The device was created using a scanning tunnelling microscope, not only allowing the team to see the atoms, but also to move them. “You could compare it to a sliding puzzle,” said lead scientist Sander Otte. “Every bit consists of two positions on a surface of copper atoms and one chlorine atom that we can slide back and forth between these two positions. If the chlorine atom is in the top position, there is a hole beneath it – we call this a 1. If the hole is in the top position, then the bit is a 0.”
Because the chlorine atoms are surrounded by other chlorine atoms, except near the holes, they keep each other in place and the approach is said to be more stable and more suitable for data storage.
The researchers organised the memory in 8byte blocks.
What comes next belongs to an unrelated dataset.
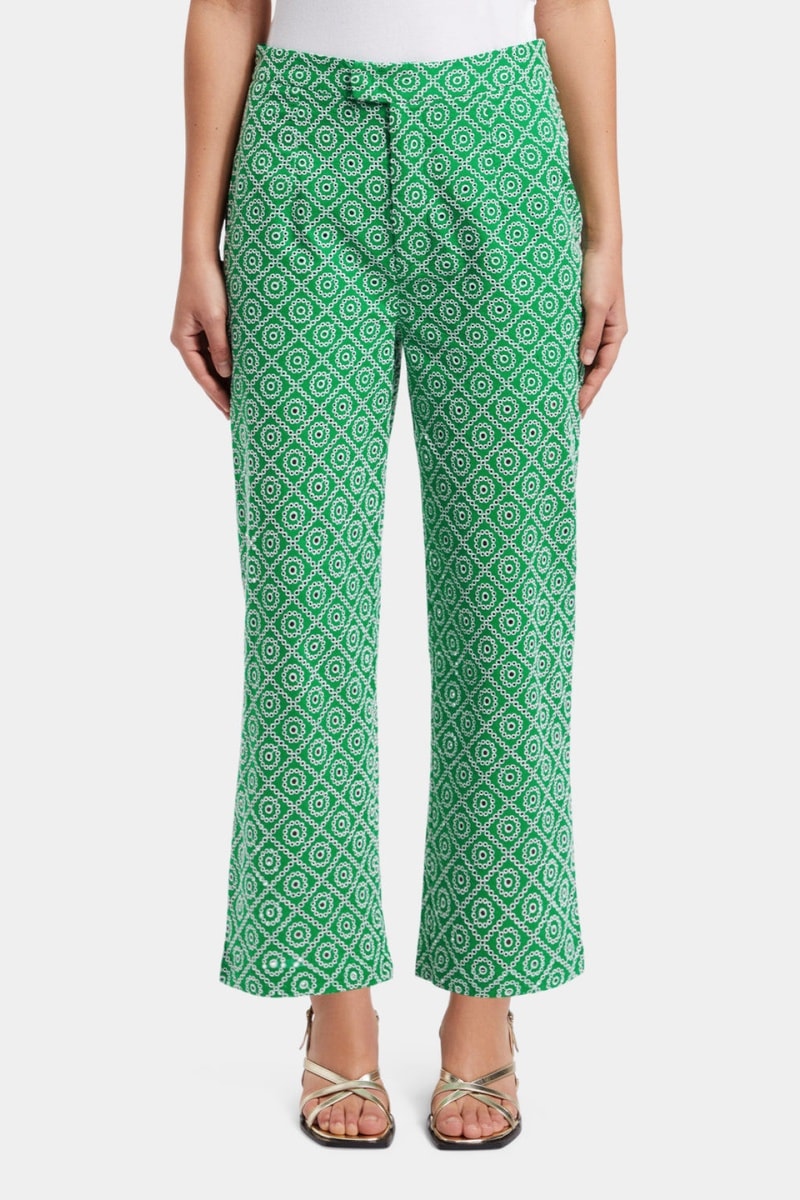 Pantalon straight en broderie anglaise. Empiècement en métal avec logo sur le côté.

Each block has a marker made of the same type of ‘holes’ as the raster of chlorine atoms. Said to be inspired by QR codes, markers carry information about the precise location of the block on the copper layer. The code will also indicate if a block is damaged, for instance due to some local contaminant or an error in the surface. This is said to allow the memory to be scaled to big sizes, even if the copper surface is not entirely perfect.
Otte noted: “In its current form, the memory can operate only in very clean vacuum conditions and at liquid nitrogen temperature (77 K), so the storage of data on an atomic scale is still some way off. But we have certainly come a big step closer.”